= Symptom targeted intervention =

Symptom targeted intervention (STI) is a clinical program being used in medical settings to help patients who struggle with symptoms of depression or anxiety or adherence to treatment plans but who are not interested in receiving outpatient mental health treatment. STI is an individualized therapeutic model and clinical program that teaches patients brief, effective ways to cope with difficult thoughts, feelings, and behaviors using evidence-based interventions. Its individualized engagement process employs techniques from solution-focused therapy, using a Rogerian, patient-centered philosophy. This engagement process ensures that even challenging, at-risk, and non-adherent patients are able to participate.

Social workers and other mental health practitioners and medical professionals use STI to assist patients with a number of specific concerns, from sleep and stress to pain management, relationships and mood management. STI's coping tools are cognitive behavioral therapy and mindfulness interventions that have been condensed and modified to make them user friendly and effective in brief sessions. After meeting with the clinician, the patient takes charge, performing interventions at home through assignments that extend and reinforce learning.

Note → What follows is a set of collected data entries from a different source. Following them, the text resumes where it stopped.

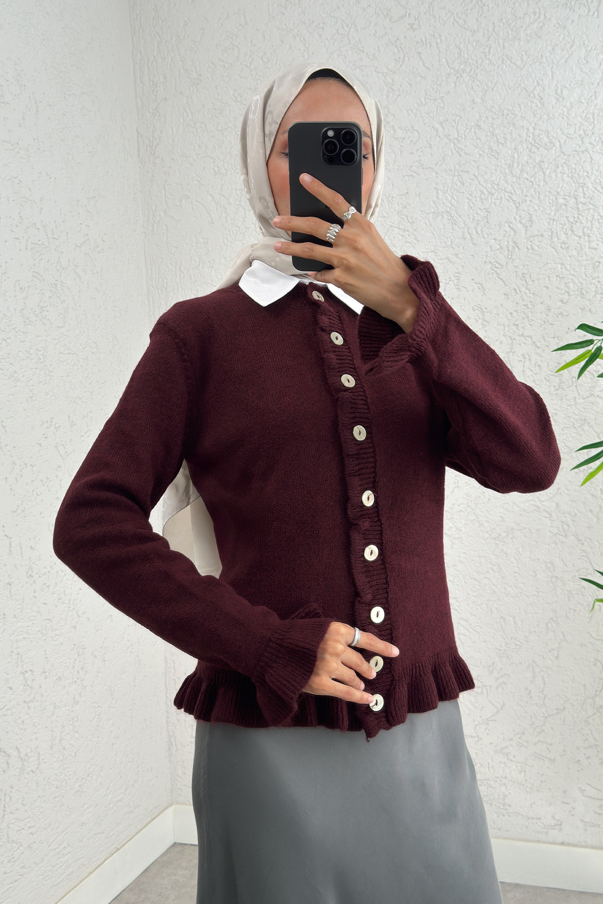Fırfırlı Triko Hırka 43478 - BORDO-Bordo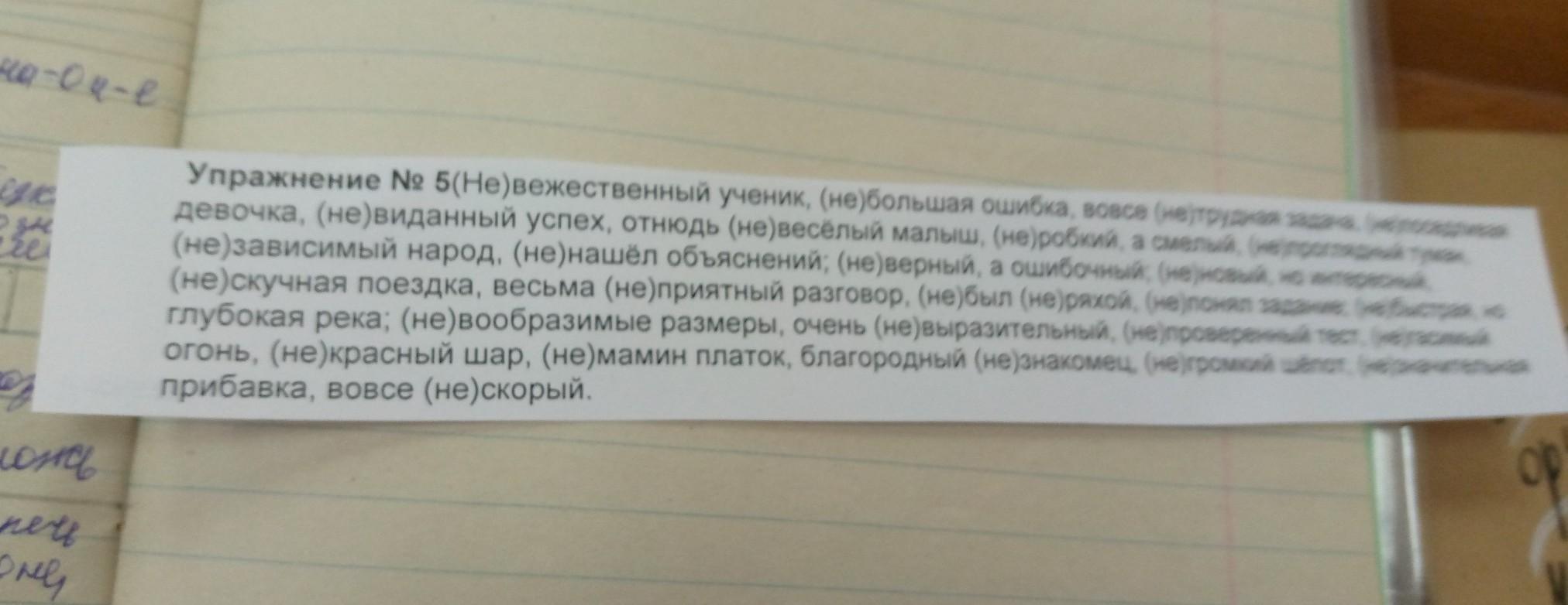Невежественный ученик, небольшая ошибка, вовсе не трудная задача, непоседливая девочка, невиданный успех, отнюдь не весёлый малыш, не робкий, а смелый, непроглядный туман, независимый народ, не нашёл объяснений, не верный, а ошибочный, не новый, но интересный, нескучная поездка, весьма не приятный разговор, не был неряхой, не понял задание, небыстрая, но глубокая река, невообразимые размеры, очень невыразительный, непроверенный текст, негасимый огонь, не красный шар, не мамин платок, благородный незнакомец, негромкий шёпот, незначительная прибавка, вовсе не скромный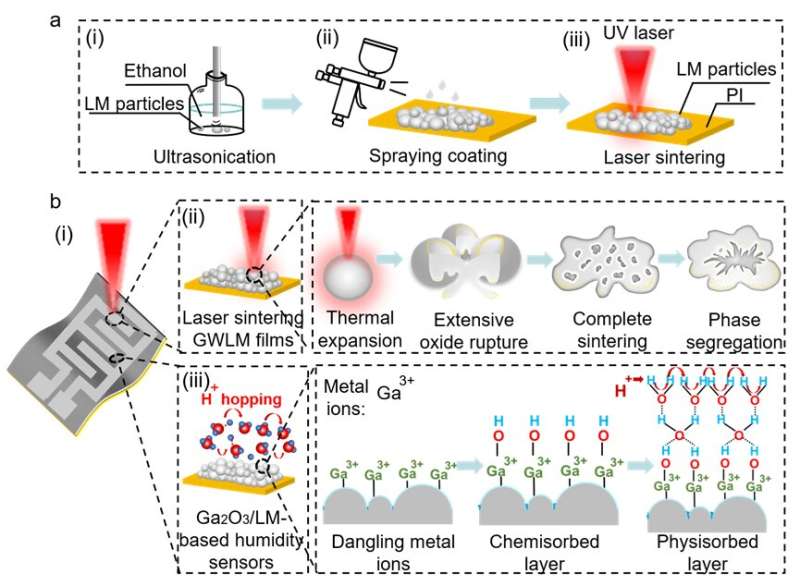 柔性電容式濕度傳感器的設(shè)計(jì)與制造。(a) 柔性 Ga₂O₃/ 液態(tài)金屬(LM)濕度傳感器的制造過(guò)程,包括超聲處理、噴涂和激光燒結(jié)。(b) 通過(guò)激光燒結(jié)形成 GWLM(氧化鎵包裹液態(tài)金屬)薄膜的機(jī)理以及基于 Ga₂O₃/LM 的濕度傳感器的傳感機(jī)理示意圖。圖片來(lái)源:《光電子進(jìn)展》(2023 年)。DOI: 10.29026/oea.2023.220172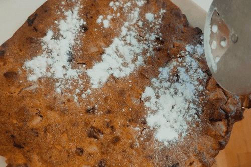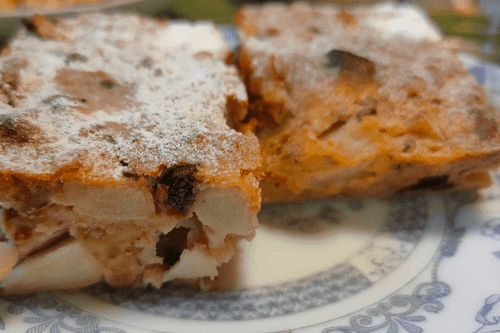 Готовый пирог вынуть, остудить и посыпать сахарной пудрой.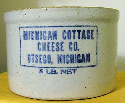 ANTIQUE MICHIGAN COTTAGE CHEESE Co. Crock, Circa 1900 OTSEGO

Using STI, the clinician helps the patient identify the most problematic symptom of the depression (such as depressed mood, insomnia, anxiety, rumination, irritability, negative thinking, social isolation), then together the clinician and patient address that symptom using STI's evidence-based selection of brief cognitive, behavioral, and mindfulness techniques. The emphasis is on keeping interactions brief since mental health treatment in the primary care setting is typically time limited—although the Collaborative Care and Integrated Care models provides hope for improved and expanded mental health services in the primary care setting.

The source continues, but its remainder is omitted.